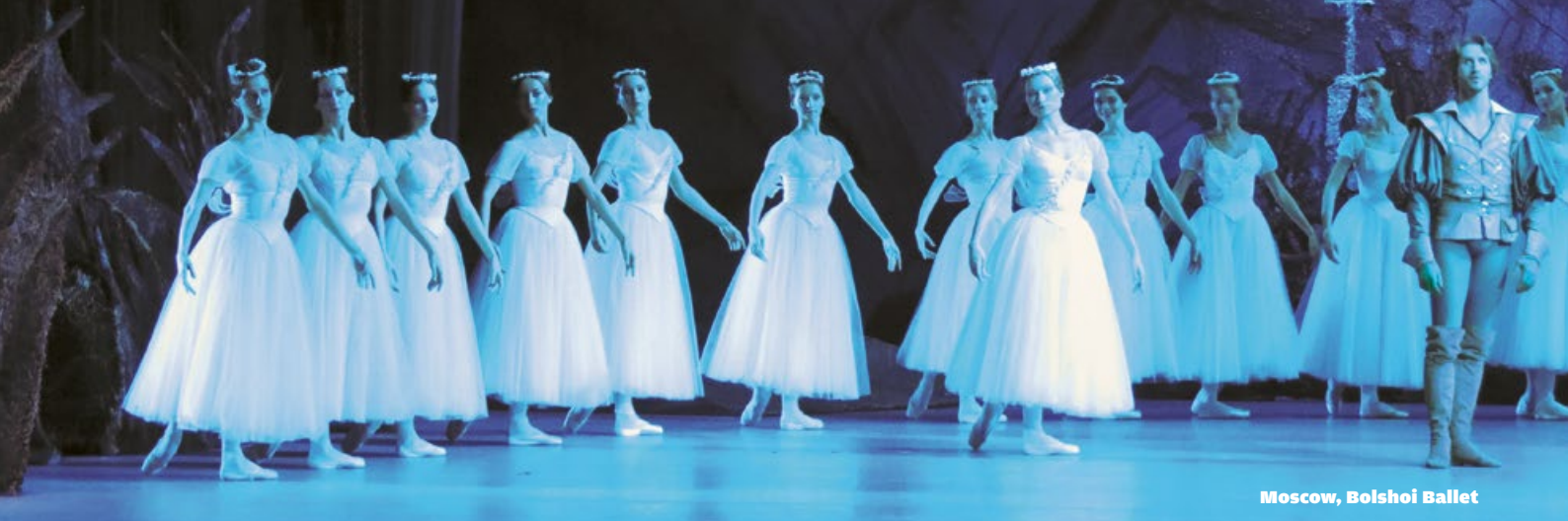
Moscow, Bolshoi Ballet
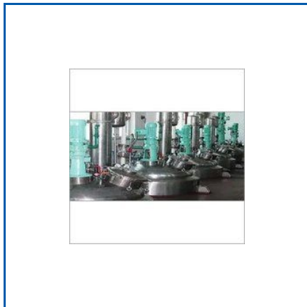
EDIBLE OIL REFINERY PLANT
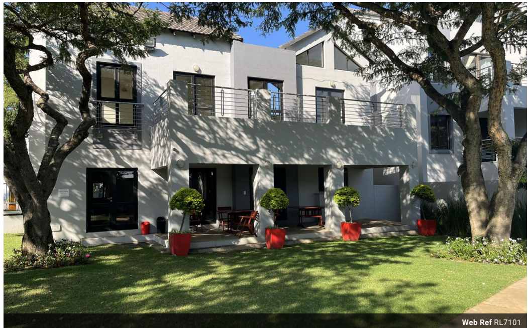
Web Ref RL7101

Oak Avenue Office Park 376 Oak Avenue Ferndale Randburg 2194
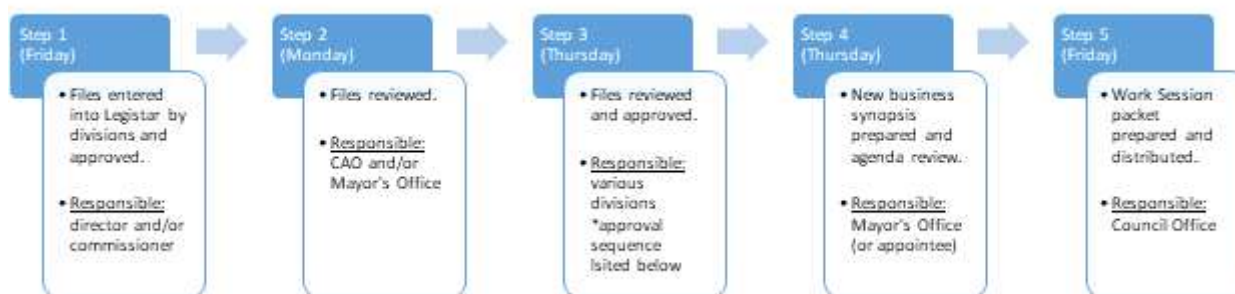
Figure 1. Administrative Work Flow
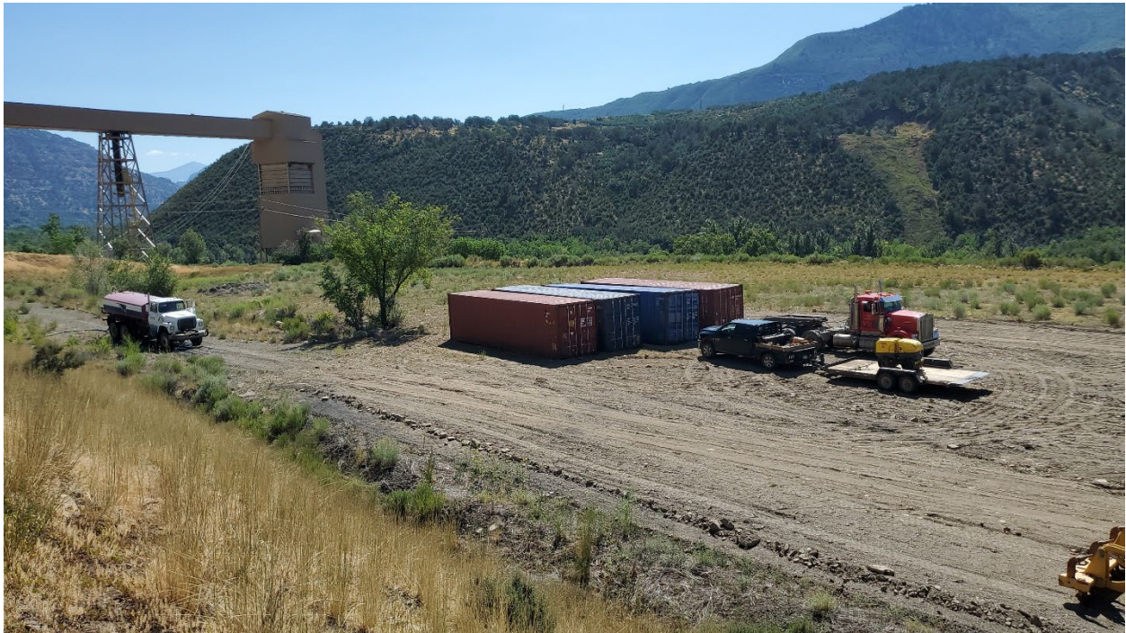
Figure 1: Four containers, water truck, mini compactor
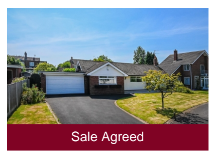
50 The Wold, Claverley, Shropshire
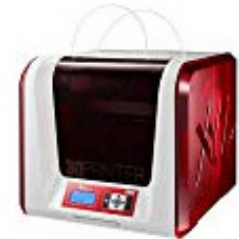
da Vinci Jr. 2.0 Mix Wireless 3D Printer ...
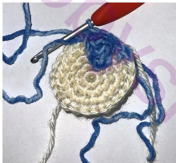
Attach Fin 1
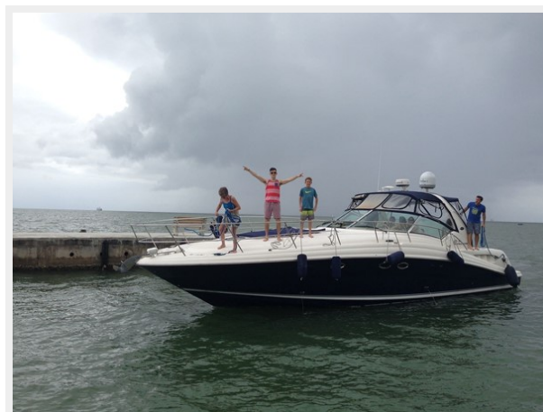
Hey guys - the party is over here! actual boat

---*---

**EXERCISE BRIEF:**
Each record above needs to be copied exactly, with images left out.

**SOLUTION BELOW:**
Moscow, Bolshoi Ballet
EDIBLE OIL REFINERY PLANT
Web Ref RL7101

Oak Avenue Office Park 376 Oak Avenue Ferndale Randburg 2194
Figure 1. Administrative Work Flow
Figure 1: Four containers, water truck, mini compactor
50 The Wold, Claverley, Shropshire
da Vinci Jr. 2.0 Mix Wireless 3D Printer ...
Attach Fin 1
Hey guys - the party is over here! actual boat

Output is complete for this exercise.